Dinosaurs may have outsurvived other creatures living alongside them during a largescale extinction preceding the period where they became dominant due to their ability to survive in frosty conditions, according to a new peer-reviewed study published in Science Advances on Friday.
The period in which the dinosaurs were dominant was preceded, just as it ended, by a largescale extinction called the Triassic-Jurassic Extinction.
In general, the world was hot and steamy during the Triassic Period, when dinosaurs first showed up as a small group of species that stayed mostly in the polar regions, as high levels of carbon dioxide filled the atmosphere.
Up until recently, it was largely believed that the polar regions were warm as well, with forests growing there and no evidence of ice caps. Some climate models have suggested that the high latitudes were chilly sometimes, but no physical evidence for this had been found, up until now.
The Triassic period ended with extinction that killed off more than three-quarters of all terrestrial and marine species on the planet. What exactly caused the extinction is unclear, but scientists have connected it to a series of massive volcanic eruptions that may have lasted hundreds of years, as Pangea (the giant single continent) began to split apart into the continents we know today.
The eruptions would have caused the already high carbon dioxide levels in the atmosphere to rise substantially, causing severe temperature hikes and making ocean waters too acid for many creatures to survive.
Global winters brought dinosaurs to the top
But according to the authors, the eruptions caused another phenomenon, bursting sulfur aerosols into the air that deflected so much sunlight that it caused global volcanic winters that may have lasted over a decade.
These winters killed uninsulated reptiles, but the dinosaurs, insulated and adapted to the cold, were able to survive, according to the study.

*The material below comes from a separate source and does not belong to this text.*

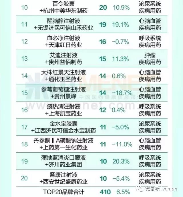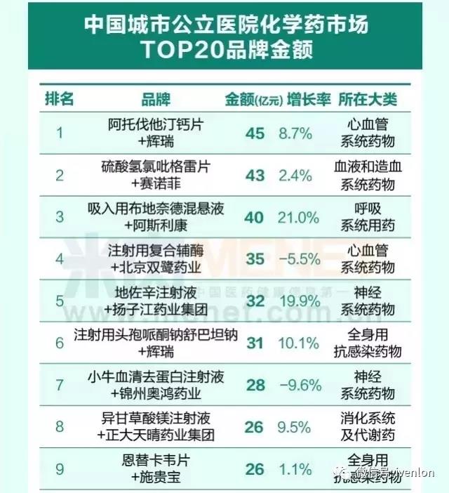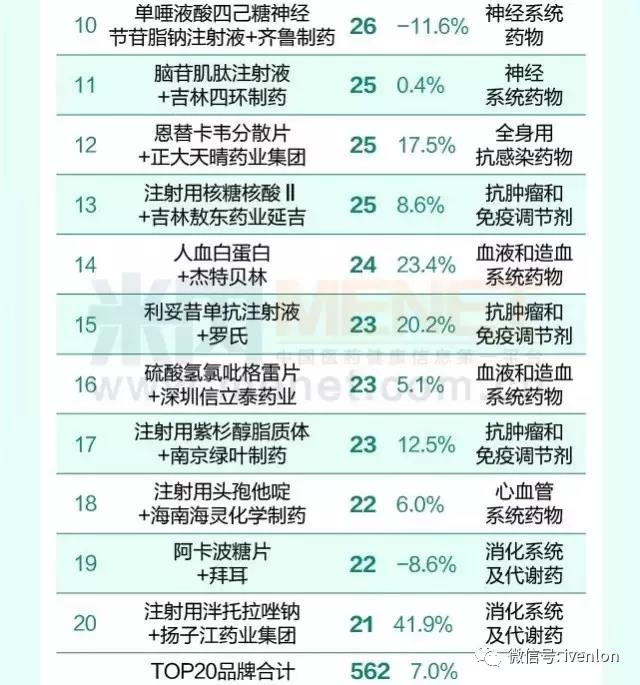 全國(guó)醫(yī)院市場(chǎng)銷(xiāo)售超10億的20個(gè)藥品

The scientists found fine-grained sandstone and siltstone formations left by sediments in shallow ancient lake bottoms in the Junngar Basin formed 206 million years ago during the Late Triassic Period. At that time, the basin sat well above the Arctic Circle.
The scientists and others found footprints that show that dinosaurs were present along the shorelines of the ancient lakes. In the lakes themselves, the researchers found abundant pebbles up to about 1.5 centimeters across within the normally fine sediments far from where they should have been found.
According to the scientists, the pebbles were ice-rafted debris (IRD), which is created when ice forms against a coastal landmass and incorporates bits of the underlying rock. At some point, the ice becomes unmoored and drifts away in the adjoining water body. When it melts, the rocks drop to the bottom, mixing with the normal sediments.
While geologists have studied ancient IRD in the oceans, they rarely have studied them in lake beds. The pebbles found in the basin show “these areas froze regularly, and the dinosaurs did just fine,” said study co-author Dennis Kent, a geologist at Lamont-Doherty, in a news story on the website of the Columbia Climate School.
Feathery insulation, high metabolism helped dinosaurs stay warm
The authors of the study pointed to evidence that many dinosaurs had feathers, which they say may have been used for insulation. The dinosaurs also may have possessed warm-blooded, high-metabolism systems. These two qualities could have helped them survive chilly conditions.
“Severe wintery episodes during volcanic eruptions may have brought freezing temperatures to the tropics, which is where many of the extinctions of big, naked, unfeathered vertebrates seem to have occurred,” said Kent. “Whereas our fine feathered friends acclimated to colder temperatures in higher latitudes did OK.”
“There is a stereotype that dinosaurs always lived in lush tropical jungles, but this new research shows that the higher latitudes would have been freezing and even covered in ice during parts of the year,” said Stephen Brusatte, a professor of paleontology and evolution at the University of Edinburgh. “Dinosaurs living at high latitudes just so happened to already have winter coats [while] many of their Triassic competitors died out.”
Dinosaurs living at high latitudes just so happened to already have winter coats [while] many of their Triassic competitors died out.”
Stephen Brusatte, a professor of paleontology and evolution at the University of Edinburgh
According to Paul Olsen, a geologist at Columbia University’s Lamont-Doherty Earth Observatory, and the lead author of the study, the next step to better understand this period is for more researchers to look for fossils in areas that used to be in the poles.
“The fossil record is very bad, and no one is prospecting,” he said. “These rocks are gray and black, and it is much harder to prospect [for fossils] in these strata. Most paleontologists are attracted to the late Jurassic, where it’s known there are many big skeletons to be had. The paleo-Arctic is basically ignored.”